Antigen affinity and antigen dose exert distinct influences on CD4 T-cell differentiation

Abstract

Cumulative T-cell receptor signal strength and ensuing T-cell responses are affected by both antigen affinity and antigen dose. Here we examined the distinct contributions of these parameters to CD4 T-cell differentiation during infection. We found that high antigen affinity positively correlates with T helper (Th)1 differentiation at both high and low doses of antigen. In contrast, follicular helper T cell (TFH) effectors are generated after priming with high, intermediate, and low affinity ligand. Unexpectedly, memory T cells generated after priming with very low affinity antigen remain impaired in their ability to generate secondary Th1 effectors, despite being recalled with high affinity antigen. These data challenge the view that only strongly stimulated CD4 T cells are capable of differentiating into the TFH and memory T-cell compartments and reveal that differential strength of stimulation during primary T-cell activation imprints unique and long lasting T-cell differentiation programs.

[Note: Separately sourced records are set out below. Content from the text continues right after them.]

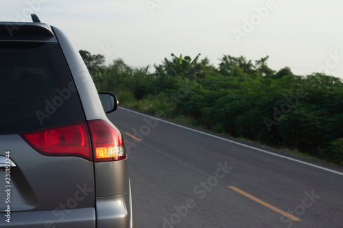 Fototapeta premium Backside of family car Gray color trip to travel in nature on asphalt road white sky for background.Open turn signal for safety.
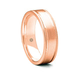 Mens Matte Finish 18ct Rose Gold Flat Court Shape Wedding Ring with Millgrain Edges
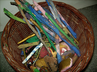 A dins hi havien: pinyes, aglans, fulles de tots colors, palets, fruïts secs, pedretes… Amb tantes formes diferents podíem fer un munt de coses!
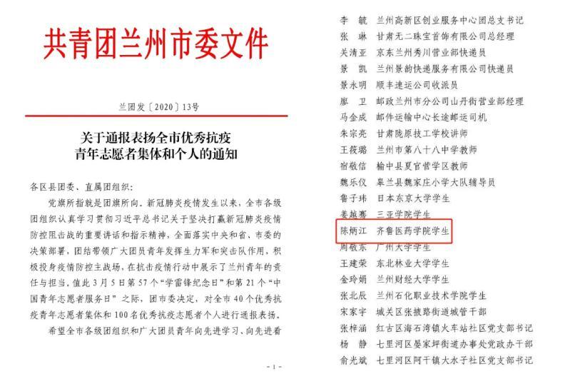 公共衛生與檢驗學院2019級檢本1班成凌云同學,在疫情防控工作中表現突出,被共青團靖遠縣委評為“優秀志愿者”。2018級檢本2班安蕾同學,積極響應號召,參加當地疫情防控工作,被“大眾網·海報新聞”報道。
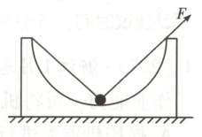 6. [2025·河北卷,4T,4分] 如图,内壁截面为半圆形的光滑凹槽固定在水平面上,左右边沿等高。该截面内,一根不可伸长的细绳穿过带有光滑孔的小球,一端固定于凹槽左边沿,另一端过右边沿并沿绳方向对其施加拉力$F$。小球半径远小于凹槽半径,所受重力大小为$G$。若小球始终位于内壁最低点,则$F$的最大值为 (

Keywords: follicular helper; infection; lymphocytes.

Fig. 1.

Establishing the TCR affinity hierarchy. (A and B) Ten thousand naïve B3K508 T cells were transferred into CD45.1 congenic mice followed by infection with Lm.3K or Lm.variant strains. Low dose Lm.3K infection in B corresponds to 10⁵ cfu. Mean number of B3K508 T cells recovered from spleen and lymph nodes over the first 8 d of infection. Data represent n ≥ 3 for each data point and are representative of two independent experiments.

Fig. 2.

Antigen affinity and effector T-cell differentiation. Ten thousand B3K508 T cells were transferred into congenic mice followed by infection with Lm.3K or Lm.P2A. (A–D) Representative flow cytometry plots of B3K508 T cells at day 6. (E) Absolute number of Th1 (T-bet^highCXCR5⁻) and T_FH (T-bet^lowCXCR5⁺) effectors recovered from spleen and lymph nodes at day 6. Data represent n ≥ 3 and are representative of three independent experiments. (*P < 0.05, ***P < 0.0001).

Fig. 3.

Antigen affinity and early IL-2 induction. Two hundred thousand carboxyfluorescein succinimidyl ester (CFSE)-labeled B3K508 T cells were transferred into congenic mice followed by infection with Lm.3K or Lm.P2A. CD25 proliferation (A) and T-bet expression (B) were assessed by flow cytometry after 2 (A) and 3 (B) d. T-bet MFI is shown for T cells that have undergone at least one division. Data represent n = 3 for each data point and are representative of two independent experiments. (**P < 0.001, ***P < 0.0001).

Fig. 4.

Function and location of low affinity activated T cells. (A) Splenic sections were stained for B220 (red) to identify B-cell zones, F4/80 (blue) to identify red pulp area, and CD45.2 (green) to identify B3K508 donor T cells. Percentage of B3K508 T cells located in the indicated areas at day 6. (B) Th1 and T_FH cells were sorted from infected mice and transferred into CD3ε^−/− mice immunized 1 d earlier with 3K-OVA and alum. GC B-cell numbers correlate with T_FH cell numbers. (C) Intracellular cytokine production was assessed by flow cytometry. Data represent n ≥ 3 mice per group and at least two independent experiments.

Fig. 5.

Low affinity TCR–pMHC ligands support memory T-cell differentiation. Phenotype (A) and absolute cell number (B) of B3K508 T cells recovered at day 4 after recall infection with virulent Lm.3K. Data represent n ≥ 3 and are representative of three independent experiments. (*P < 0.05, ***P < 0.0001).

Fig. 6.

Effector and memory T-cell differentiation in B-cell–deficient mice. Phenotype of B3K508 T cells recovered from spleen and lymph nodes of B6 or mb-1cre mice at day 6 after infection. Data representative of two independent experiments.